As defined here by the US Financial Crimes Enforcement Network, money laundering involves “disguising financial assets so they can be used without detection of the illegal activity that produced them.” Through various methods, money and profits received from criminal activity is transformed into money or assets that appear to have a legal source. The stated targets of anti-money laundering criminal statutes are drug dealers, terrorists, arms dealers, and other criminals.
A fictionalized example can be seen in the popular show “Breaking Bad.” The main character in the show is a meth manufacturer and supplier. As the show progresses, the main character begins to have his fictional wife launder the drug profits through a car washing business. In the show, profits from the drug business are deposited into the bank accounts of the car wash business as though the money was received from customers who had their cars washed. The wife, of course, must engage in accounting fraud and must also prepare and file false business tax returns (both state and federal) and false reports and returns at the state level for sales tax and other business reporting. Thus, money laundering will generally involve violating many criminal laws.
The main federal statute that criminalizes money laundering is the Money Laundering Control Act (“MLCA”), 18 U.S.C. §§ 1956 et seq. The MLCA has been amended and broadened several times since its enactment. Violations of the MLCA carry heavy fines and long prison terms.
What Must the Government Prove to Obtain a Conviction?

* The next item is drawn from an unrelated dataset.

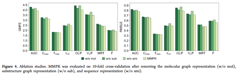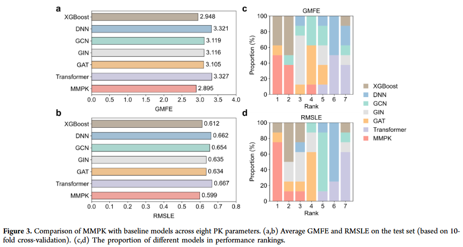 MMPK 在 10 折交叉验证下的平均 GMFE 为 2.895,RMSLE 为 0.599。在 Tmax、t1/2、MRT 和 F 上表现最佳,而 AUC、Cmax、CL/F、Vz/F 因数值跨多个数量级,预测难度更高。与 XGBoost、DNN、GCN、GIN、GAT、Transformer 等基线模型比较,MMPK 在大多数参数上排名前二,整体性能优越。

To obtain a conviction for money laundering, the government must prove beyond a reasonable doubt, the following three elements:
- Use of funds that are proceeds of unlawful activity — generally, the unlawful activity must be a felony crime such as drug trafficking or wire fraud
- Knowledge by the criminally-accused that the funds are proceeds of unlawful activity and
- The conduct of a financial transaction (or attempt), knowing that the transaction is designed in whole or in part to disguise the nature, location, source, ownership or control of the proceeds — such as depositing funds into or withdrawing funds from a financial account or transferring the funds via other methods like a sale or purchase
Note the word “proceeds” in the first element.

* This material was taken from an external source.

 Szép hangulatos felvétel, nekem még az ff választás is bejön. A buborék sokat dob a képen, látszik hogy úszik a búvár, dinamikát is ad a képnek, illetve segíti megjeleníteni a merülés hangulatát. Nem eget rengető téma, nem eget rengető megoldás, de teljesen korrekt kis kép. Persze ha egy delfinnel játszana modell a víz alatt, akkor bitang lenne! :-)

One method of defending against charges of money laundering is to argue that the financial transaction at issue did not involve “proceeds” as defined by the MLCA and federal court decisions. In particular, the US Supreme Court has held that the word “proceeds” in the MLCA means “profits.” See United States v. Santos, 553 U.S. 507 (2008). In that case, the defendant Santos was convicted of running an illegal lottery in Indiana. Among other charges, he was convicted on two counts of money laundering. As the court reported, at bars and restaurants, Santos employed two levels of “employees” to help him run the illegal lottery. Santos used “runners” who gathered bets from gamblers and the next level up were the “collectors.” The runners kept a portion of the bets (between 15% and 25%) as their commissions and delivered the rest to Santos’s collectors. The collectors then delivered the money to Santos, who used some of it to pay the salaries of collectors and to pay the winners. The government obtained the money laundering convictions based, in part, on Santos paying commissions and salaries to his runners and collectors.

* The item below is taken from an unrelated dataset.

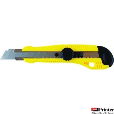 _ obudowa ABS __ metalowa prowadnica __ karbowane brzegi zapewniają lepszy chwyt __ otwór do zawieszania __ wysuwane, łamane ostrze __ blokada ostrza w pokrętle __ wymiana ostrza po wysunięciu czarnej końcówki __ do cięższych prac __ szerokość ostrza: 15 mm__ łamanie ostrza: 7 części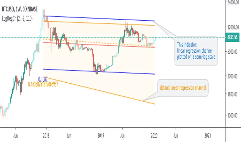 linear regression channel plotted on log-scale

However, he successfully challenged his money-laundering conviction by arguing that the transactions did not involve profits from the illegal lottery. Rather, the salary and commissions were paid on the receipts of the lottery. This argument was based on the holding of United States v. Scialabba, 282 F.3d 475 (US Fed Court of Appeals, 7th Cir. 2002) which held that the MLCA applies only to transactions involving criminal profits, not criminal receipts. In the Santos case, the US Supreme Court agreed. “Proceeds,” as used in the MLCA, means profits from criminal activity, not receipts.
Aside from providing a basis for defending against charges of money laundering, the Santos case provides yet another example of the importance of definitions in criminal defense law.